Leaving out the pictures, return word for word the stretch of entries below from the line holding "Mesa de Jantar" through the line holding "The first stop".

◆ Records provided ◆
────────────────────

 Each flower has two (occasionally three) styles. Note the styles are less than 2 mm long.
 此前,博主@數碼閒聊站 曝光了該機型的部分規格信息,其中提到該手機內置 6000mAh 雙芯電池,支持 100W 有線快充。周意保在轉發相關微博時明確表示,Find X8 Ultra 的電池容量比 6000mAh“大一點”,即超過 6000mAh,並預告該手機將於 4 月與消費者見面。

────────────────────

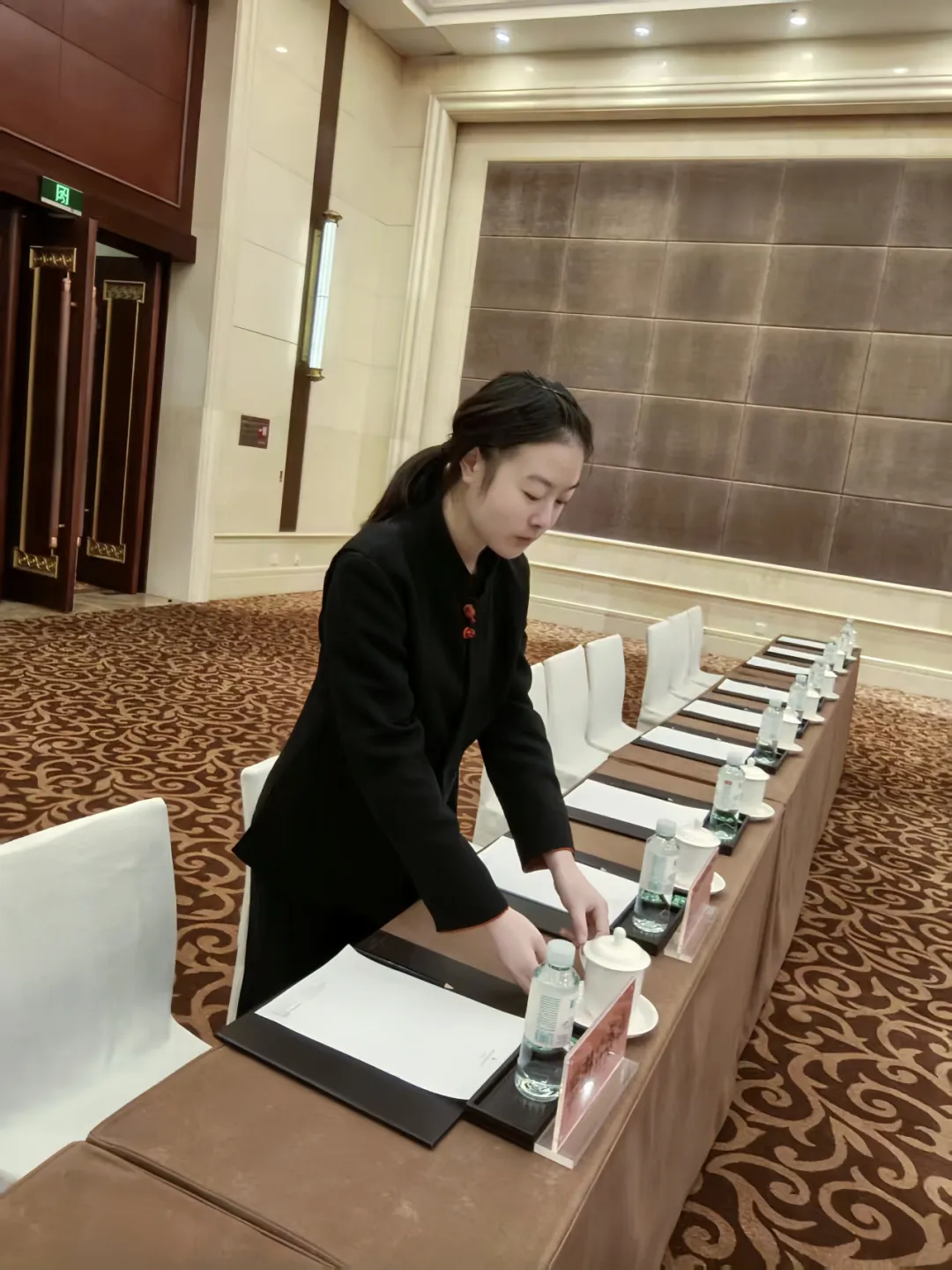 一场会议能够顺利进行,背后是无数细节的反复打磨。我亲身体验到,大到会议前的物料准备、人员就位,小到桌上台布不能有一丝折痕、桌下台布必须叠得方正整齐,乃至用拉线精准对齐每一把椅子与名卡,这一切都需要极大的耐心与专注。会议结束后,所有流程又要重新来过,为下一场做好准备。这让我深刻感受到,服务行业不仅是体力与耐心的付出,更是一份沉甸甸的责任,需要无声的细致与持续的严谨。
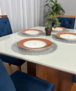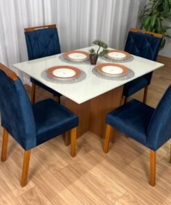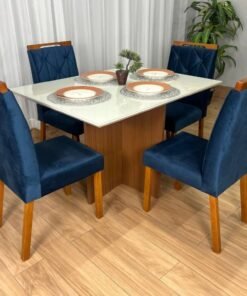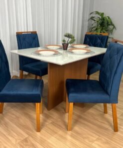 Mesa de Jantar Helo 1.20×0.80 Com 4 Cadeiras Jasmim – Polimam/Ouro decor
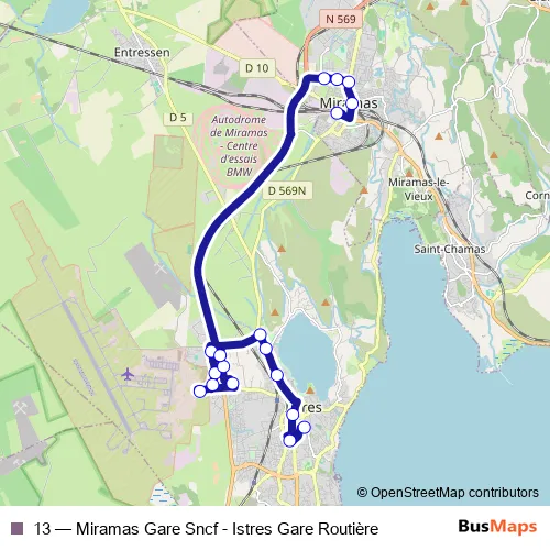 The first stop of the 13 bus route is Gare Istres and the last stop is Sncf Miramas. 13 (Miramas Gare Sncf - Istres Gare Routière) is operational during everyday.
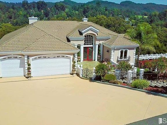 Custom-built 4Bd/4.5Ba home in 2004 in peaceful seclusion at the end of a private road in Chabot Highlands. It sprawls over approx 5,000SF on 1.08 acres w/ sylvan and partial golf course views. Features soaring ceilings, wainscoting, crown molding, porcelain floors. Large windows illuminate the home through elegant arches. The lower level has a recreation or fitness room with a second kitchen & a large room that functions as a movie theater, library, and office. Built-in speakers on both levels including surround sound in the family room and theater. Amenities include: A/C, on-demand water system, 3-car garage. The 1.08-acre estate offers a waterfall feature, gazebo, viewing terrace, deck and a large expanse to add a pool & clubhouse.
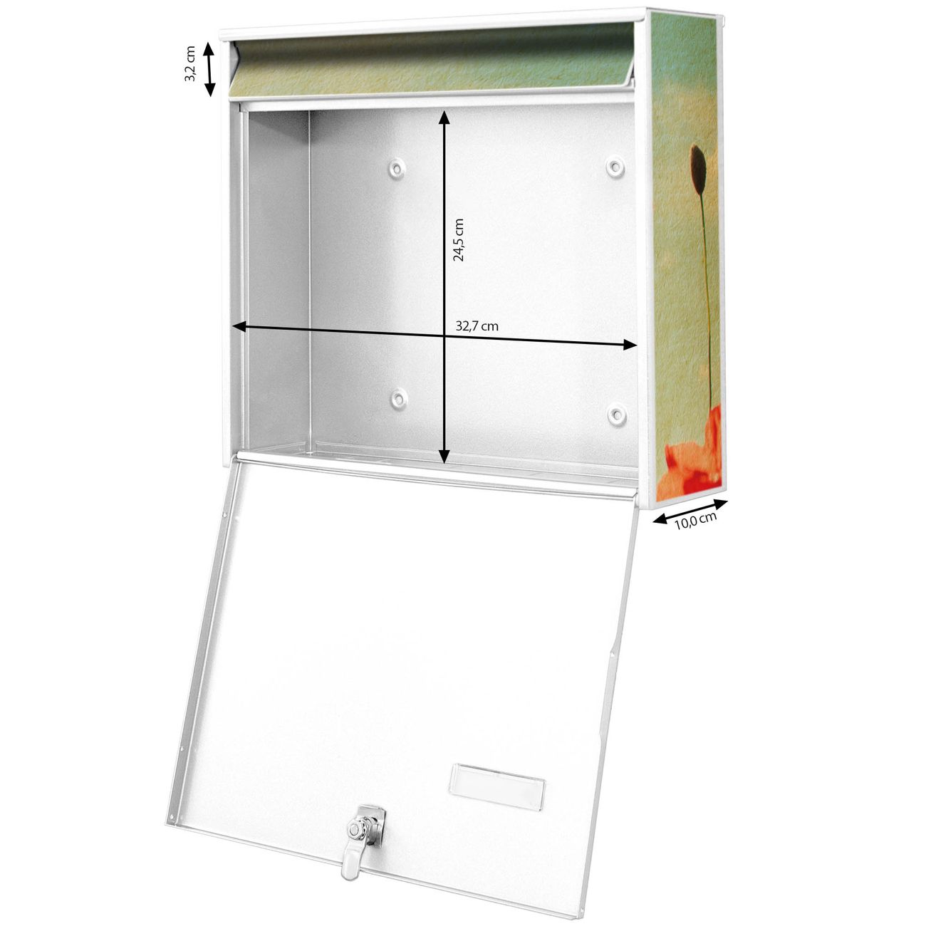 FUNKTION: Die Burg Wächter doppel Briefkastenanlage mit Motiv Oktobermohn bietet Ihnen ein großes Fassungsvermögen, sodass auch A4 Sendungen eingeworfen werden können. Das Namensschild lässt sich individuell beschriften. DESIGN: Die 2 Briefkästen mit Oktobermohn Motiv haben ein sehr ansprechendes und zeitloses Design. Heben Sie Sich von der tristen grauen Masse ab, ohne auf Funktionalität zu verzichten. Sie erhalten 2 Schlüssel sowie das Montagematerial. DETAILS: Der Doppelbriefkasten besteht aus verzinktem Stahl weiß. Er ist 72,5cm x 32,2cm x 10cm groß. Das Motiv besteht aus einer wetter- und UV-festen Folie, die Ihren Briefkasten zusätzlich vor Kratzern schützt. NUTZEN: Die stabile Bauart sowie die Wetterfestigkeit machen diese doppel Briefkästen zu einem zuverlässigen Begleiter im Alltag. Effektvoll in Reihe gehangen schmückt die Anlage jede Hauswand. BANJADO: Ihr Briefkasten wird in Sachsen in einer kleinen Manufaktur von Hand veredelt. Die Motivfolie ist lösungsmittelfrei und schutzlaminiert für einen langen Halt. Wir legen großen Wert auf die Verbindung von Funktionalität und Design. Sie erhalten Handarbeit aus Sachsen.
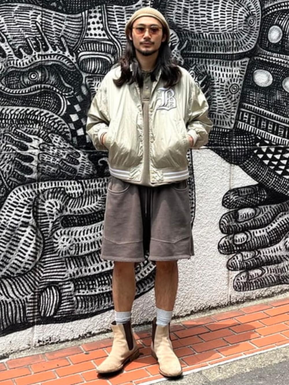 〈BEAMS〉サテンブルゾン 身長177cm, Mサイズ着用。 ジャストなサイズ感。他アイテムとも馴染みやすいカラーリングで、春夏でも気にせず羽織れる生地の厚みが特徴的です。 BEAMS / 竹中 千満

────────────────────

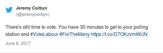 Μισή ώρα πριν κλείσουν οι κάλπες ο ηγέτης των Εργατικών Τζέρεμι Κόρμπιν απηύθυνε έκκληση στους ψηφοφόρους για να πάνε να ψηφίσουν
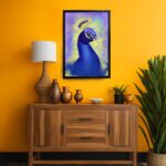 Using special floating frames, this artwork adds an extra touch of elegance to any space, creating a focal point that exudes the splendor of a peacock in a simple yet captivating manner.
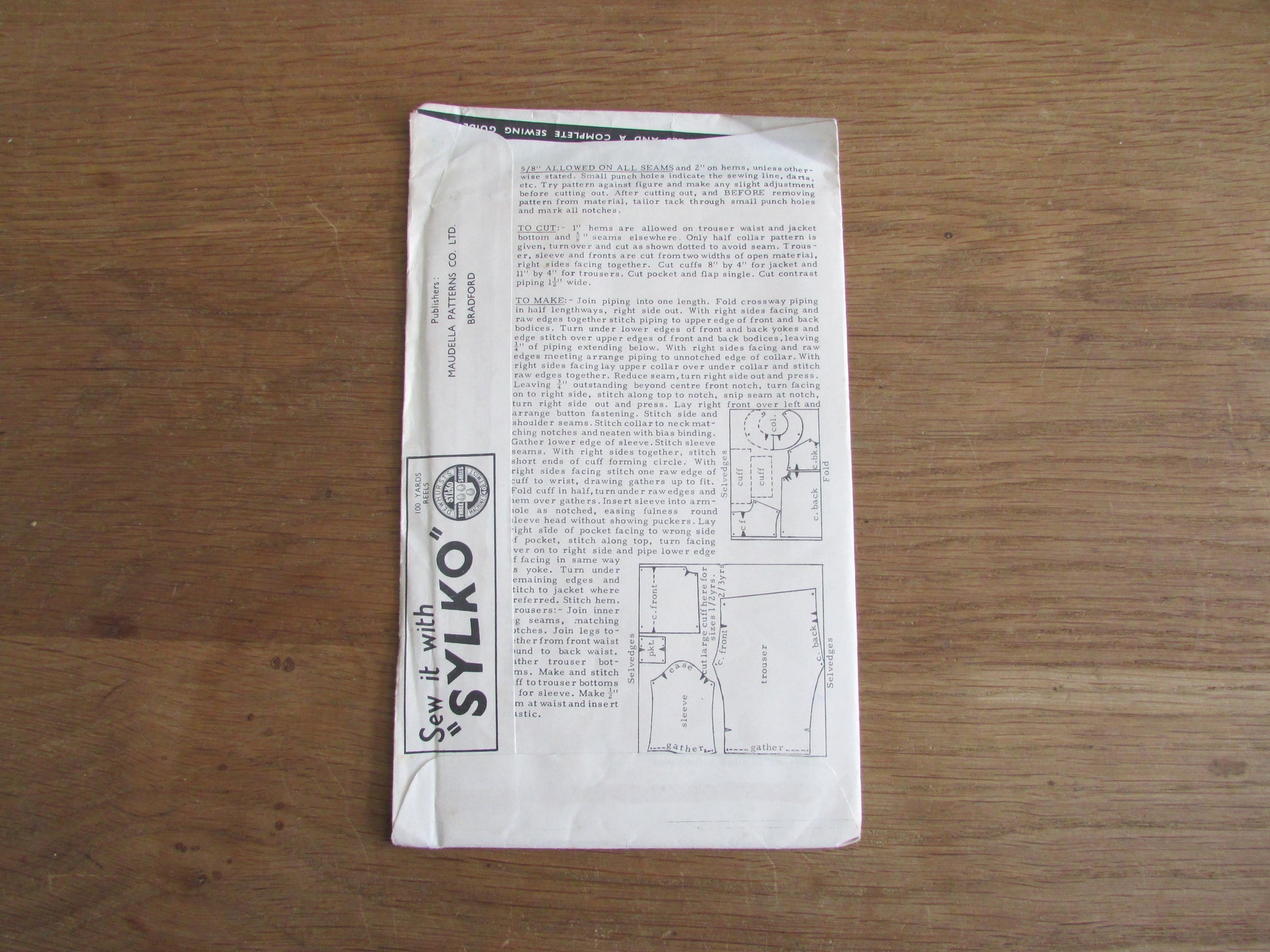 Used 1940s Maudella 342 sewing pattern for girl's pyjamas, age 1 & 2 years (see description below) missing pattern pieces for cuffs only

────────────────────

◆ Task result ◆
 Mesa de Jantar Helo 1.20×0.80 Com 4 Cadeiras Jasmim – Polimam/Ouro decor
 The first stop of the 13 bus route is Gare Istres and the last stop is Sncf Miramas. 13 (Miramas Gare Sncf - Istres Gare Routière) is operational during everyday.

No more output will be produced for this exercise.